Pada bulan Desember tahun 2007, untuk pertama kalinya dalam hidup saya merayakan Natal. Saat itu sebagai seorang pelajar SMA dari negara yang mayoritas penduduknya menganut agama Islam seperti Indonesia, Amerika di mata saya adalah negara yang begitu kompleks masyarakatnya serta menjunjung kebebasan di atas segala-galanya. Negara ini adalah tempat yang mendudukkan saya pada posisi minoritas; seorang remaja muslim berkulit gelap dari sebuah negara Dunia Ketiga di Asia. Natal pun menjadi sebuah hal yang unik ketika saya dihadapkan dan “dipaksa untuk sadar” atas keberadaan hari raya ini sebagai sebuah perayaan nasional yang begitu besar, mengalahkan apresiasi serta antusiasme warga Amerika terhadap perayaan hari besar agama saya, Islam.
Di tempat saya dibesarkan, ada segelintir orang dengan pandangan konservatif yang menegaskan keharaman bagi seorang muslim untuk mengucapkan “Selamat Natal” maupun selamat hari raya lainnya kepada umat Kristen atau pemeluk agama-agama non-Islam pada umumnya. Dikatakan bahwa dengan mengucapkan selamat hari raya kepada mereka yang berbeda keyakinan, secara tidak langsung orang yang mengucapkan selamat tersebut telah mengingkari keesaan Allah dan kebenaran Islam sebagai sebuah agama yang haq. Hal ini kemudian oleh mereka disenadakan dengan ayat dalam surah Al-Kafirun, “untukmu agamamu, dan untukku agamaku”. Ujung-ujungnya karena adanya kesalahpahaman seperti ini, di negri yang pluralis seperti Indonesia sekalipun perayaan Natal setiap tahun merupakan sebuah jurang pemisah atas kaum yang dominan dan minoritas. Yang lagi ngetrend belakangan ini adalah aksi radikal yang mengatasnamakan suatu agama tertentu dalam setiap teror bom mereka di tempat-tempat ibadah.

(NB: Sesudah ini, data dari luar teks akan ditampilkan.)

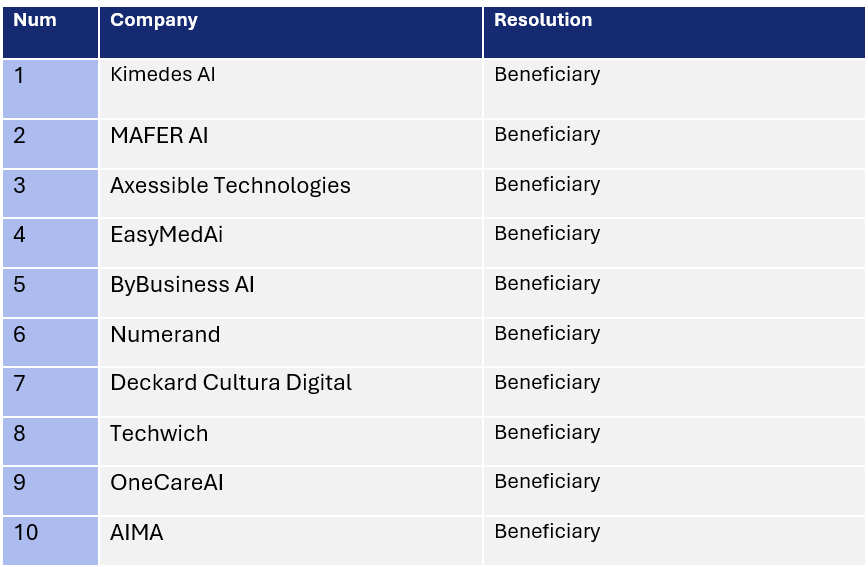 The final resolution of the first call is available on this PDF document. The selected companies are listed in the table that follows: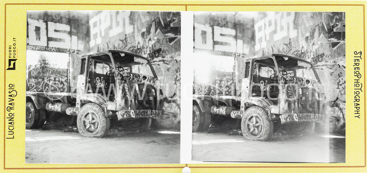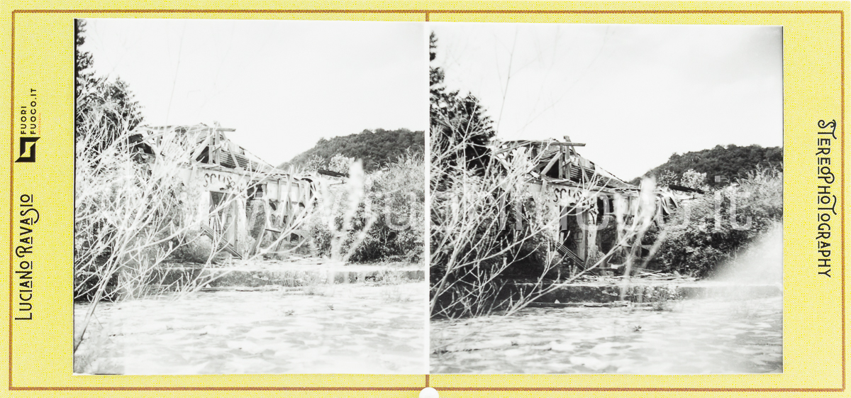 Immagini realizzate con fotocamera stereoscopica GOMZ Sputnik, pellicola HP5+ e Delta 400PRO stampate su carta ILFORD RC V Perla, montate su cartoncino FUORIFUOCO formato immagini 56x56

Pandangan yang kaku tersebut hidup dan menjadi “kepercayaan” dikalangan masyarakat awam. Saya tidak bohong jika dulu (sebelum tinggal di Amerika dan memahami bagaimana perasaan kaum minoritas di tengah beranekaragamnya golongan di muka bumi) saya termasuk salah satu dari anak kecil yang tumbuh dengan rasa berjengit atas ucapan “Selamat Natal”. Mengapa? Lugasnya karena memang saya tidak merayakan hari raya tersebut. Orang akan menegur jika ada seorang penganut ajaran Nabi Muhammad memberikan selamat hari raya kepada seorang non-Islam. Ironis sekali jika mengaca pada sejarah. Agama Kristen merupakan agama yang dibawakan oleh Yesus dari Nazareth hampir 2.000 tahun yang lalu. Keberadaan orang-orang Kristen bukanlah sesuatu yang asing di tengah masyarakat muslim di seluruh dunia. Yesus sendiri dikenal dalam tradisi Islam sebagai Isa Al-Masih, seorang nabi besar yang mewartakan kedatangan Nabi Muhammad dan memperbaharui legasi Musa alaihissalam. Kisah mengenai kelahiran Yesus (Nativity) yang menjadi topik sentral dalam perayaan Natal bahkan dikisahkan oleh Al-Quran, sabda dari Allah Tuhan Semesta Alam dengan begitu indahnya.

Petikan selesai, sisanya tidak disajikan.